Nothing whatever is known about this place—its story is a
secret that will never be revealed. The oldest natives make no
pretense of being possessed of its history. They say these bones
were here when they were children. They were here when their
grandfathers were children—but how they came here, they can only
conjecture. Many people believe this spot to be an ancient
battle-ground, and it is usual to call it so; and they believe
that these skeletons have lain for ages just where their
proprietors fell in the great fight. Other people believe that
Kamehameha I. fought his first battle here. On this point, I have
heard a story, which may have been taken from one of the numerous
books which have been written concerning these islands—I do not
know where the narrator got it. He said that when Kamehameha (who
was at first merely a subordinate chief on the island of Hawaii),
landed here, he brought a large army with him, and encamped at
Waikiki. The Oahuans marched against him, and so confident were
they of success that they readily acceded to a demand of their
priests that they should draw a line where these bones now lie,
and take an oath that, if forced to retreat at all, they would
never retreat beyond this boundary. The priests told them that
death and everlasting punishment would overtake any who violated
the oath, and the march was resumed. Kamehameha drove them back
step by step; the priests fought in the front rank and exhorted
them both by voice and inspiriting example to remember their
oath—to die, if need be, but never cross the fatal line. The
struggle was manfully maintained, but at last the chief priest
fell, pierced to the heart with a spear, and the unlucky omen
fell like a blight upon the brave souls at his back; with a
triumphant shout the invaders pressed forward—the line was
crossed—the offended gods deserted the despairing army, and,
accepting the doom their perjury had brought upon them, they
broke and fled over the plain where Honolulu stands now—up the
beautiful Nuuanu Valley—paused a moment, hemmed in by
precipitous mountains on either hand and the frightful precipice
of the Pari in front, and then were driven over—a sheer plunge
of six hundred feet!
The story is pretty enough, but Mr. Jarves’ excellent history
says the Oahuans were intrenched in Nuuanu Valley; that
Kamehameha ousted them, routed them, pursued them up the valley
and drove them over the precipice. He makes no mention of our
bone-yard at all in his book.
Impressed by the profound silence and repose that rested over
the beautiful landscape, and being, as usual, in the rear, I gave
voice to my thoughts. I said:
“What a picture is here slumbering in the solemn glory of the
moon! How strong the rugged outlines of the dead volcano stand
out against the clear sky! What a snowy fringe marks the bursting
of the surf over the long, curved reef! How calmly the dim city
sleeps yonder in the plain! How soft the shadows lie upon the
stately mountains that border the dream-haunted Mauoa Valley!
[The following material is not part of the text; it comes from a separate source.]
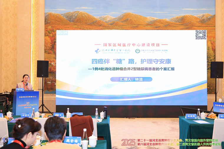 河北医科大学第一医院林洁护士长,北京大学人民医院石家庄医院刘云星护士长,河北省第八人民医院李宏更护士长及我院外三科朱坤艳主管护师、杨朝阳主管护师分别就多癌合并糖尿病、胃癌营养管理、无陪护营养支持、胃癌术后胃瘫及腹膜后巨大肉瘤的五个复杂案例进行了汇报。与会专家充分肯定了护理团队在疑难重症患者诊疗全流程中所发挥的专业支撑作用,不仅展现了精准的病情评估能力、科学的护理方案制定水平,更体现了对患者个体化需求的细致关注,为提升疑难重症患者护理质量提供了实践经验。

What a grand pyramid of billowy clouds towers above the storied
Pari! How the grim warriors of the past seem flocking in ghostly
squadrons to their ancient battlefield again—how the wails of
the dying well up from the—”
At this point the horse called Oahu sat down in the sand. Sat
down to listen, I suppose. Never mind what he heard, I stopped
apostrophising and convinced him that I was not a man to allow
contempt of Court on the part of a horse. I broke the back-bone
of a Chief over his rump and set out to join the cavalcade
again.
Very considerably fagged out we arrived in town at 9 o’clock
at night, myself in the lead—for when my horse finally came to
understand that he was homeward bound and hadn’t far to go, he
turned his attention strictly to business.
This is a good time to drop in a paragraph of information.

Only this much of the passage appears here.